We review a district court’s grant of summary judgment de novo, viewing the facts — as supported by the evidence in the record — and reasonable inferences from those facts in the light most favorable to the nonmoving party. Young v. City of Palm Bay, Fla., 358 F.3d 859, 860 (11th Cir.2004). Summary judgment is proper where no genuine issue of material fact exists. Id.

Title VII makes it unlawful for an employer to “discriminate against any individual with respect to [her] compensation, terms, conditions, or privileges of employment, because of such individual’s ... sex.” 42 U.S.C. § 2000e-2(a)(l). To prove sexual harassment under Title VII, a plaintiff must show, among other things, that the harassment was sufficiently severe or pervasive to alter the terms and conditions of employment and create a discriminatorily abusive working environment. Hulsey v. Pride Rests., LLC, 367 F.3d 1238, 1244 (11th Cir.2004). “Sexual harassment in the workplace can alter the terms and conditions of employment in either of two ways.” Id. at 1245. First, if the plaintiff proves “that the harassment culminated in a ‘tangible employment action’ against her.” Cotton v. Cracker Barrel Old Country Store, Inc., 434 F.3d 1227, 1231 (11th Cir.2006). Second, if the plaintiff shows hostile work environment harassment: where “the workplace is permeated with discriminatory intimidation, ridicule, and insult, that is sufficiently severe or pervasive to alter the conditions of the victim’s employment and create an abusive working environment.” Harris v. *913 Forklift Sys., Inc., 510 U.S. 17, 114 S.Ct. 367, 370, 126 L.Ed.2d 295 (1993) (internal quotation marks and citations omitted).

Plaintiff proceeds under both theories. She argues that Overbey’s acts constituted actionable hostile work environment sexual harassment under Title VII and § 1983. 2 And she also contends that Overbey’s acts resulted in her constructive discharge and in the alteration of her job duties; she, thus, maintains that she suffered a tangible employment action based on Overbey’s sexual harassment.

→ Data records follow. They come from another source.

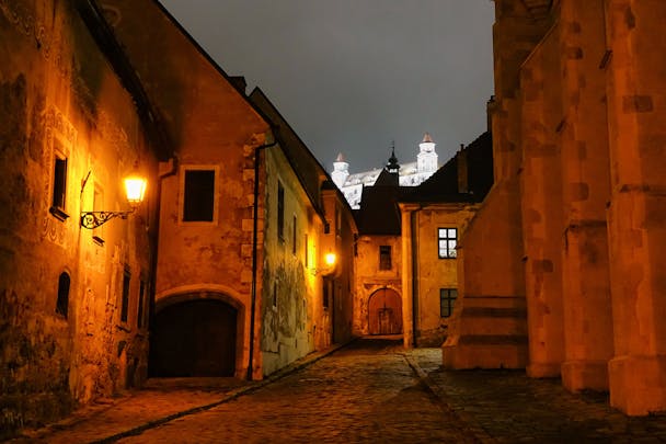I like wandering the quiet streets late at night, seeing them like this. And for a daytime excursion, you can head to a spot just outside the city where Slovakia, Austria and Hungary meet. If you are three people you can sit around a table while all being in different countries.
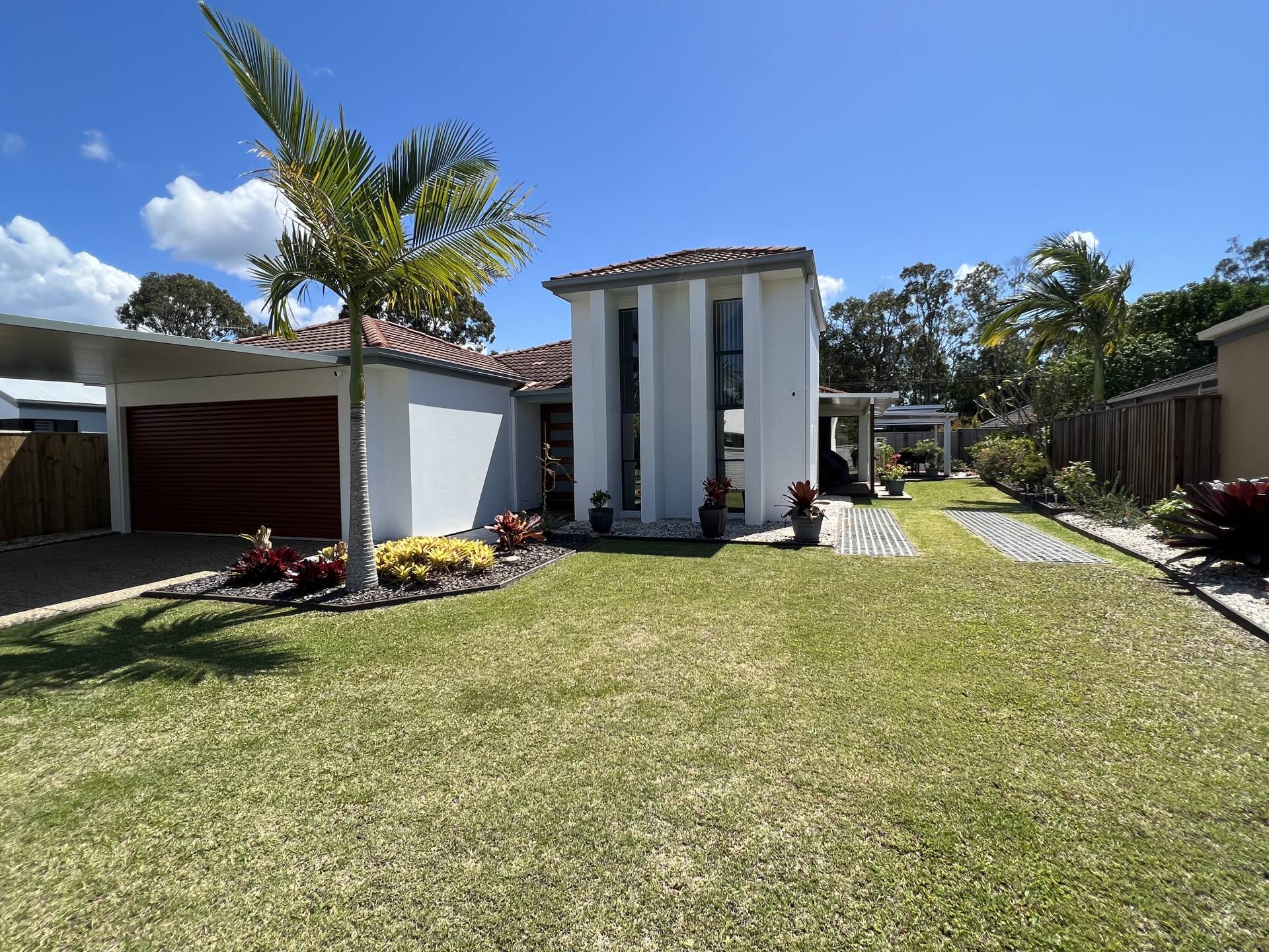 The gardens are low maintenance landscaping, and there is a garden shed for storage.  Double carport is available for parking inside the remote controlled gate.
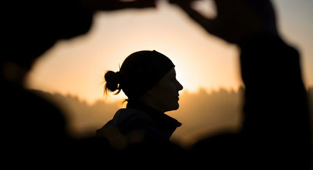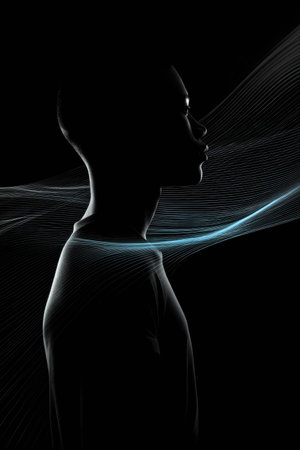 A striking profile silhouette of a young person showcasing textured curly hair, bathed in soft, glowing light that enhances the serene and artistic ambiance.
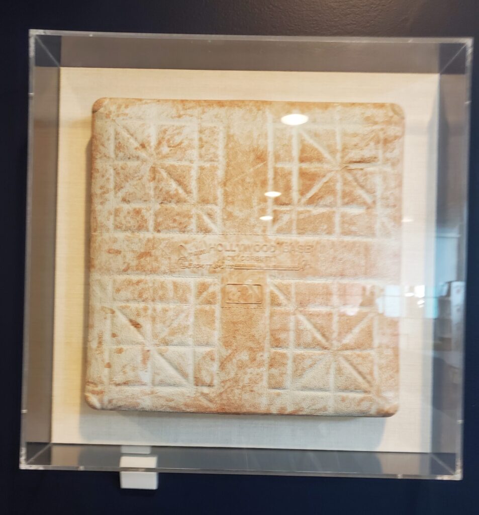 From more recent history, this is Dave Roberts’ stolen base, which is the ultimate symbol of the curse reversed. Roberts successfully stole second base during the 2004 American League Championship, leading to a win against the Yankees and – eventually – a sweep of the Cardinals in the World Series. The base occupies a place of honor in the Royal Rooters Club.
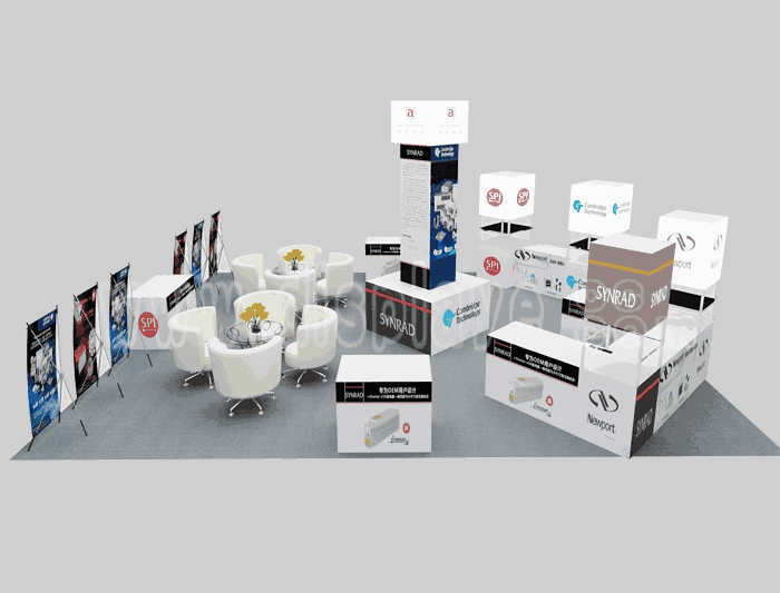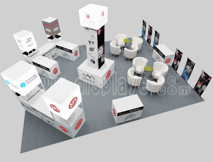 如你想?yún)⒄者@設(shè)計圖DIY設(shè)計構(gòu)思你想要的展臺,此造型結(jié)構(gòu)適用 7x9m以下方形展位,你可增加你想要的展示功能或更多的引人注目特裝造型。
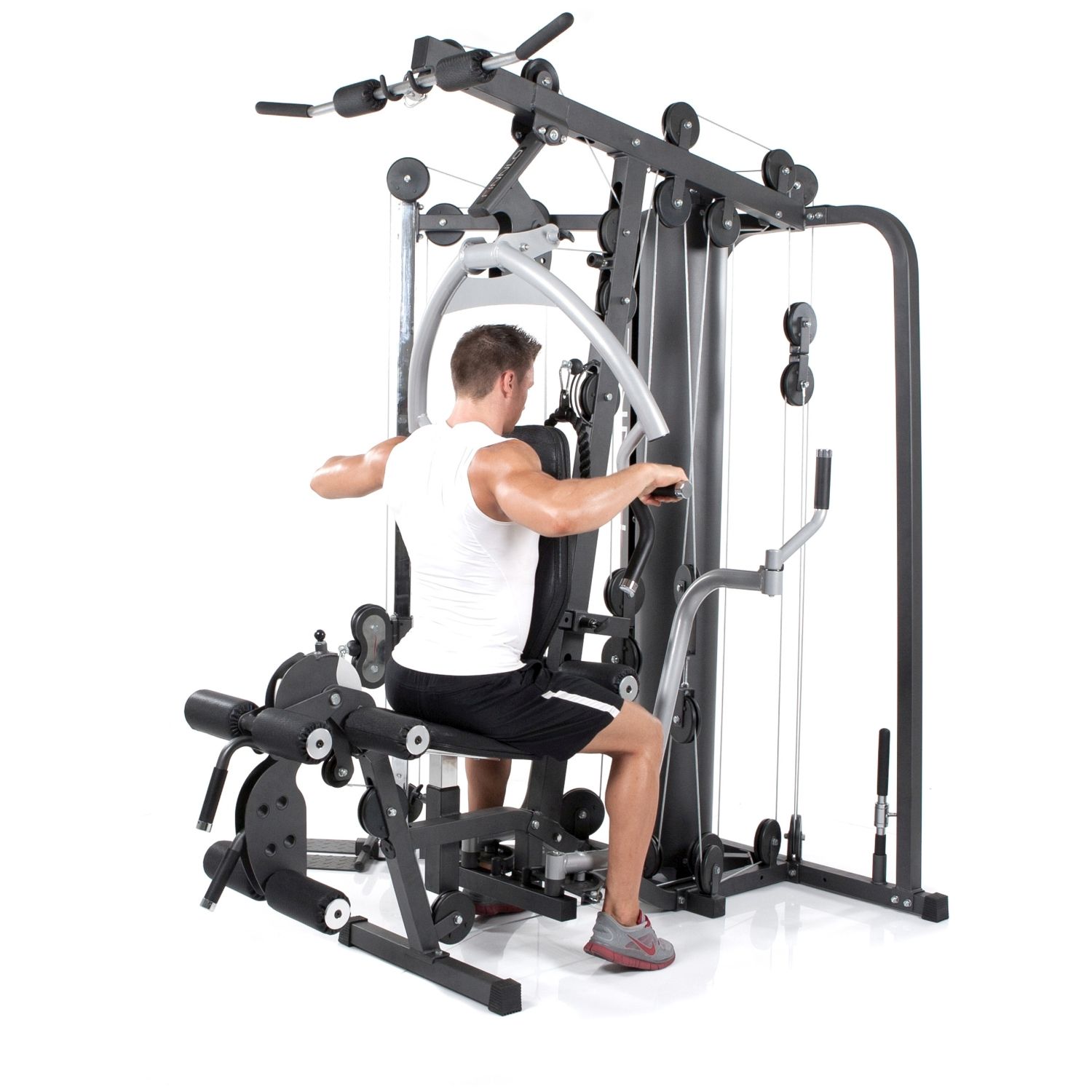 La torre de ejercicios multifuncional con calidad de estudio y turbo de fuerza para entrenamiento profesional de fitness y fuerza en casa. Incluye función extensora de piernas, unidad mariposa independiente y un sistema de rodillos giratorios de 160° y ajustables en altura para trabajar los músculos de forma eficiente.
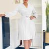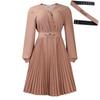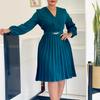 Jarní Dámské Temperamentní Módní Šaty s V výstřihem, Lisovanými Sklady a Vysokým Pasem
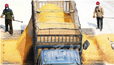 4月13日,在遼寧省鞍山市臺(tái)安縣新開河糧食儲(chǔ)備庫,兩名工作人員卸載剛剛收儲(chǔ)的玉米。
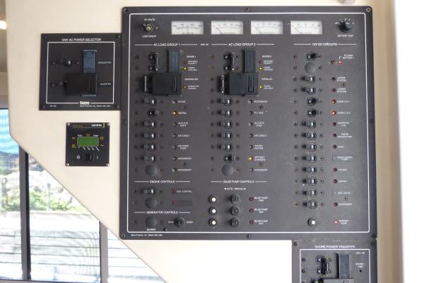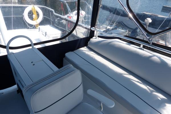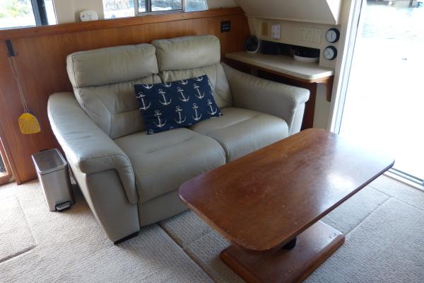 Salon: Full windshield with wiper/washer and sun curtain, opening centre window, lower helm station with full instrumentation, teak finishes and cabinetry, recliner sofa, hi-lo teak table with teak folding chairs, screened sliding windows, large screened sliding door to cockpit, starboard side sliding door to salon.
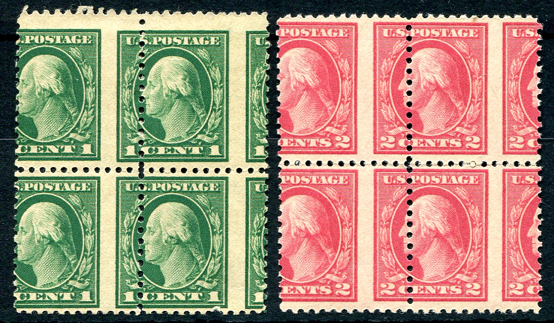 Attractive duo of misperf / error blocks of the 1c green / 2c carmine Washington issues. The 1c block with natural gum skip at top, otherwise Never Hinged, the 2c block Never Hinged with full unblemished gum. Wonderful plus-value additions to any collection. Similar blocks offered online are priced at $150-250 each! Estimate =
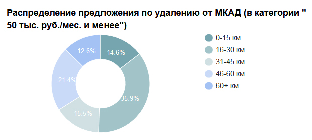Biểu đồ: nhu cầu thuê nhà ngoại ô Moskva tính theo khoảng cách từ đường MKAD đến nhà thuê
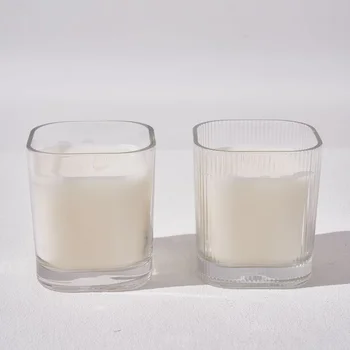 • 11oz 6oz New square Transparent Glass Candle Jar with Color for Home Decoration Aromatherapy Candle Cup
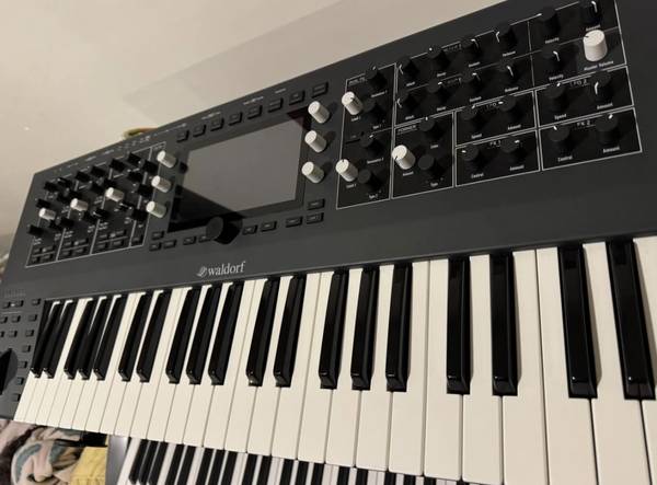 Selling my Waldorf Iridium Keyboard, a 16-voice digital polyphonic synthesizer in mint condition. Features a premium 49-key Fatar keybed with polyphonic aftertouch, five powerful synthesis engines (wavetable, VA, granular, resonator, FM), extensive modulation matrix, high-res touchscreen, and full CV/MIDI integration.

We reject Plaintiffs hostile work environment claim. In analyzing a hostile work environment claim, we consider (1) the frequency of the conduct; (2) the severity of the conduct; (3) whether the conduct was physically threatening or humiliating, or a mere offensive utterance; and (4) whether the conduct unreasonably interfered with the employee’s job performanee. Mendoza v. Borden, Inc., 195 F.3d 1238, 1246 (11th Cir.1999) (en banc).

Overbey’s conduct was not that frequent. Plaintiff began working in the Criminal Investigation Division, under Overbey’s supervision, in January 1998: she resigned in July 2002. During those 4 years, Plaintiff points to 16 specific instances of offensive conduct by Overbey. 3 Of these instances, most involved “offensive utterances.” Only three times did Overbey touch her or attempt to touch her: when he tried to kiss her, when he lifted her over his head, and when he rubbed up against her and reached across her chest. And Plaintiff did not assert that she felt threatened by Overbey’s conduct. In addition, much of Overbey’s conduct involved horseplay; and some was not sex-based. Although Overbey’s reprehensible behavior only can be described as crass and juvenile, we accept that this behavior — given its relative infrequency — is not *914 the kind of “severe” harassment necessary for liability to attach under Title VII. Overbey’s conduct is more comparable to the conduct in Gupta v. Florida Bd. of Regents, 212 F.3d 571, 584-86 (11th Cir.2000), and in Mendoza, 195 F.3d at 1247, which we concluded was not objectively severe or pervasive. 4 And no evidence exists that Overbey’s behavior unreasonably interfered with Plaintiffs job performance. To the contrary, the evidence indicates that Plaintiffs health problems were the greatest hindrance to her job performance and led to her ultimate confrontation with Pope and her subsequent resignation. In short, Plaintiff has not shown a claim of actionable hostile work environment under Title VII. 5

And we reject Plaintiffs claim that Overbey’s behavior culminated in a tangible employment action. Plaintiff asserts that she changed her work schedule several times to avoid Overbey, that she had her desk moved to avoid Overbey’s stares, that Overbey forbade her from using a spare office for her polygraph equipment, and that Overbey gave her two assignments normally not given to a CID officer. These things do not rise to the level of tangible employment actions. See Cotton, 434 F.3d at 1231 (stating that tangible employment action “constitutes a significant change in employment status, such as hiring, firing, failing to promote, reassignment with significantly different responsibilities, or a decision causing a significant change in benefits”).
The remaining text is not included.